Credit: © NOAA

The pathway of the fluids from black smokers near slow-spreading ocean ridges is channelled by faults in the oceanic crust, suggests a new geochemical analysis of a massif 25 km west of the mid-Atlantic ridge. This is contrary to the standard model of hydrothermal systems in which recharge of the hydrothermal fluids from seawater is slow and diffuse, and a vertical outlet pipe leads into the vents.

Andrew McCaig of Leeds University in the UK and colleagues1 analysed the oxygen and strontium isotope compositions of the rocks from a mid-Atlantic detachment fault — a shallow-angle fault in the ocean crust — at about 15°N. From the combination of these isotopic compositions, the researchers concluded that the rocks were geochemically altered by hot fast-flowing hydrothermal fluids that were geochemically similar to seawater, suggesting that the fault provides a fast pathway for fluid flow through a hydrothermal system.

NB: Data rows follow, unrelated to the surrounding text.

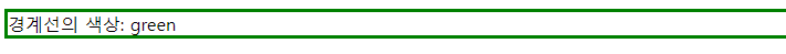 <!DOCTYPE html> <html> <head> <title>CSS3 Property Basic</title> <style> p.green { border-style: solid; border-color: green; } </style> </head> <body> <p class="green">경계선의 색상: green</p> </body> </html>
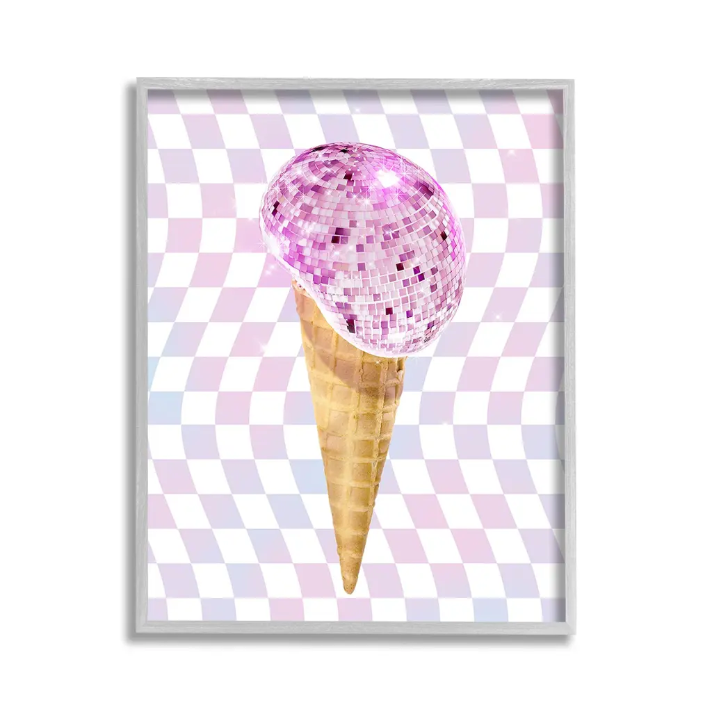 Add dimension to any room with our textured Framed Giclee Artwork. Our framed artwork is securely mounted into a 1.5-inch thick wood grain frame and ready to hang. Frames are available in three alluring styles: black, gray farmhouse and white. In addition, you should check out our oversized options if you want a statement piece. Stupell Wall Art is made in the USA.Features: Dimensions: 11 x 1.5 x 14 FramedFramed Giclee Products are available in the sizes 11"x14", 16"x20" or 24"x30". All Framed Giclee Products have a 1.5" Depth. Wall Art is Ready to Hang with Hardware Free Hanging. No installation required. For Easy Set Up Lean or Layer Artwork on Shelf or Against Wall.Our giclée prints are carefully mounted on a durable MDF backing, and then perfectly finished in a 1.5 inch thick woodgrain frame. Mounted frame colors include black, gray farmhouse and white. Made In USA.Artwork Relates To: Dance, Music, Disco, Pattern, Abstract, Shape, Modern, Glam, Dessert, Ice CreamDesign by Ziwei Li
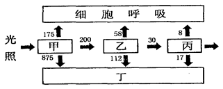 23. 下表是某生态系统营养和能量流动情况的调查结果,表中甲、乙、丙、丁分别代表不同的营养级,戊为分解者(单位:102KJ/m2/年)。对该生态系统营养关系叙述正确的是( )

Because of the shallow angles of fluid flow associated with detachment faults, hydrothermal vents can be located several kilometres away from the volcanic zone or magma chamber whose heat fuels the circulation. Different stages in the evolution of the detachment faults explain distinct types of hydrothermal circulation systems, such as the Transatlantic Geotraverse, the Rainbow and the Lost City vent fields.